Все эти напасти, а главное, полное бессилие эфиопских войск перед лицом противника, явились страшной неожиданностью для христиан. Другой эфиопский летописец с удивлением пи­шет: «До сего времени не разделялась страна и не попадала во власть врага. Но ее цари побеждали царей многих, как побе­дил государь Амда Сион десятерых царей, когда пришли они на него внезапно, так что не успел он собрать свое войско. Но попала страна наша в руки врагу, начиная со времени царя Лебна Денгеля, сына государя Наода» [33, с. 327].

В чем же причина нескончаемых военных поражений хри­стиан? Европейские исследователи обычно приписывают это гу­бительному воздействию огнестрельного оружия, которого не было у эфиопов и которое (правда, в весьма ограниченном количестве) имам Ахмад приобретал у турок и арабов на красно-морском побережье. Тем не менее вряд ли тогдашние немного­численные пушки и примитивные мушкеты могли сыграть столь решительную роль в ходе джихада. Пушки в гористой местности были для мусульман чаще обузой в походе, нежели подспорьем в бою, недаром имам однажды приказал их оставить, желая сохранить себе свободу и скорость маневра. Что до мушкетов, то по меткости боя, дальнобойности и скорострельности они уступали обычному луку и стрелам. Психологическое воздейст­вие выстрелов из мушкетов самих по себе было также невелико. Эфиопы не видели в этом никакого чуда, так как в XVI в. уже были знакомы с мушкетами и знали их боевой эффект. Следует сказать, что народы, населявшие тогда Африканский Рог, не­смотря на культ оружия, веками складывавшийся в их воинст­венной среде, не стремились к обладанию мушкетами. Они боль­ше доверяли традиционному вооружению, у каждого народа своему, и имаму Ахмаду приходилось покупать не только муш­кеты, но и нанимать стрелков из турок и арабов.

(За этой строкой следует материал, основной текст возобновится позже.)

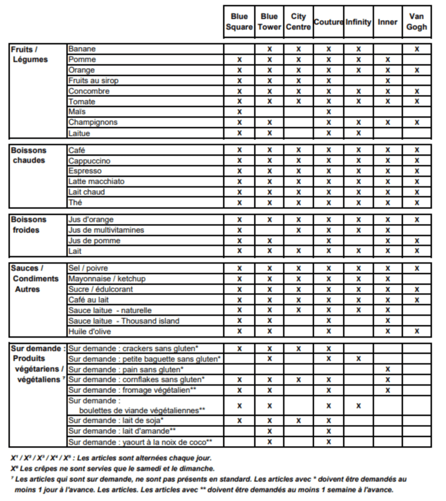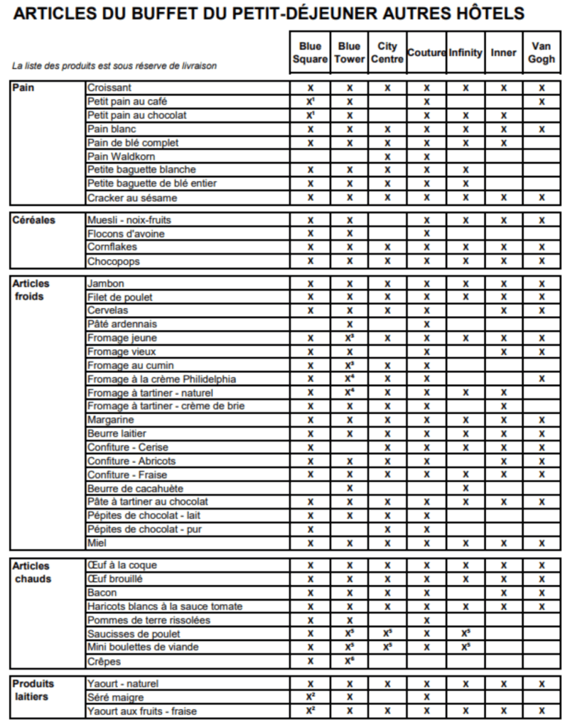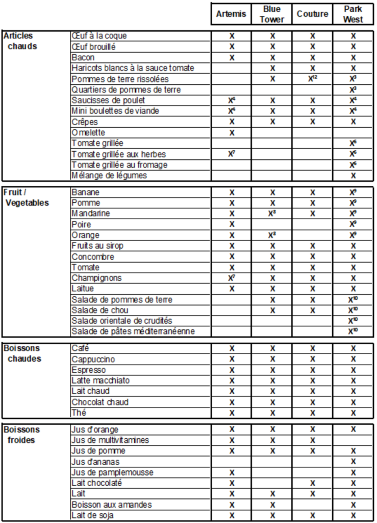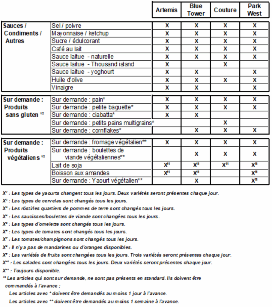 N’oubliez pas que la liste des produits de notre buffet de petit-déjeuner peut varier en fonction de la disponibilité chez le fournisseur.

Судя по описанию Шихаб эд-Дина, изложившему в своем «Завоевании Абиссинии» победоносный период джихада, удар­ной силой мусульман была кавалерия, закованная в броню, — те самые маласаи, которыми издавна славился Адаль. Однако подобное вооружение и всадники были у христианского царя в гораздо большем количестве, недаром местные мусульмане предупреждали имама о том, что «у царя Абиссинии огромная сила и неисчислимая конница». И у португальцев, прибывших в составе посольства Родригу да Лима в Эфиопию, эфиопы про­сили продать или подарить вовсе не мушкеты, а панцири, шле­мы и мечи. По-видимому, здесь дело не в превосходстве му­сульманского вооружения. Похоже, что решающим фактором оказался фактор моральный, причину чего следует искать в раз­личных тенденциях развития обществ Адаля и Эфиопии.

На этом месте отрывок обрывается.